Universal life insurance is a little tricky term when it comes to understanding its implications. People sometimes mistake it with whole life insurance plan. However, there are some functional differences in the two policies that make a significant difference in the outcomes.

This article is meant to help our readers to understand:

  • What is universal life insurance policy?
  • What are the benefits derived from this policy?  

To Start with We Would Like to Explain to Our Readers: What is Universal Life Policy?

Universal policy or popularly known as UL policy is a permanent type of life insurance option where the policyholder pays an additional amount of money (other than the premiums) which is linked to their savings account.

The company creates two simultaneous accounts for the policyholder- one is the savings account and another one is the insurance premiums account.

When you deposit monthly premiums – the amount goes first into your savings account. From there the cost of insurance is withdrawn and transferred from the company end to the insurance account.

You will keep receiving interest on the money in your savings account that will keep on accumulating over the period of time.

As time grows the amount of savings, as well as the interest earned on it, will be sufficient enough to pay for your life insurance premiums. Practically you will not have to pay the entire insurance premium on your own when you grow.

This is a protection plan that not only safeguards your term insurance premiums but also helps you in building up a substantial amount of wealth.

There are certain benefits that are linked to this plan. These will make the concepts clearer and you will be able to know how universal policy is beneficial than the whole life insurance policy.

Read Also: Graded Benefit Whole Life Insurance.

The Benefits of Universal Life Insurance Policy

Easy Loan Accessibility

universal life insuranceAs we explained above that the money deposited by the policyholder is divided into two segments.

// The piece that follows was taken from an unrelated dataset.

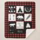 Rustikale sherpa Fleecedecke mit Tieren einer Wildnis wagen Thema plus die rote und schwarze karierte Holzfällerart. Fertigen Sie besonders an, indem Sie Ihren eigenen Namens- und Anfangsbrief addieren. Diese Decke macht ein fantastisches Geschenk!

One part of the money which is paid towards the standard fixed monthly payment of the cost of life insurance policy will go into the insurance account and the other part will remain in the savings account.

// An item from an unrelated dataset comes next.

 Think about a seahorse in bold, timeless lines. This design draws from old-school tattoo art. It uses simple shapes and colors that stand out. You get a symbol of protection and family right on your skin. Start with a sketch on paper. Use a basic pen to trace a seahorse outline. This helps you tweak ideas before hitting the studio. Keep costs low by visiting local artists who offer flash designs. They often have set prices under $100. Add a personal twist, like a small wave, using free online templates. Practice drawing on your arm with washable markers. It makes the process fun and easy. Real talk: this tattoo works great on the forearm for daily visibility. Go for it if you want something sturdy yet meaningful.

The later gets accumulated over the period of time and the interest earned on it helps in the wealth build up.

Now in any case of an emergency situation in future, you may feel the need to borrow money then you can easily avail some loan on the cash value that has built up in your savings account. You can even withdraw this cash value.

However, if the cash value or the loan amount is not being deposited in the given time frame or the policyholder dies in this period then the number of death benefits will get affected. The promised amount may get reduced by the amount of loan being withdrawn by the policy bearer while being alive.

Hard Times Cover

The finances in families keep on fluctuating to less and more during the course of time. At times the situations become challenging and people find it difficult to manage the payment of life insurance premiums.

Such situations are mostly seen to be occurring when some major family functions are catered or some sudden mishap occurs in the family. In such situations, your cash value in the savings account comes to your aid.

The cash value gets utilized by the company for payment of as many premiums as possible. However, you need to be vigilant that the cash value doesn’t get fully utilized unnoticed. You need to plan things in a way so that you can start paying the premiums at the earliest.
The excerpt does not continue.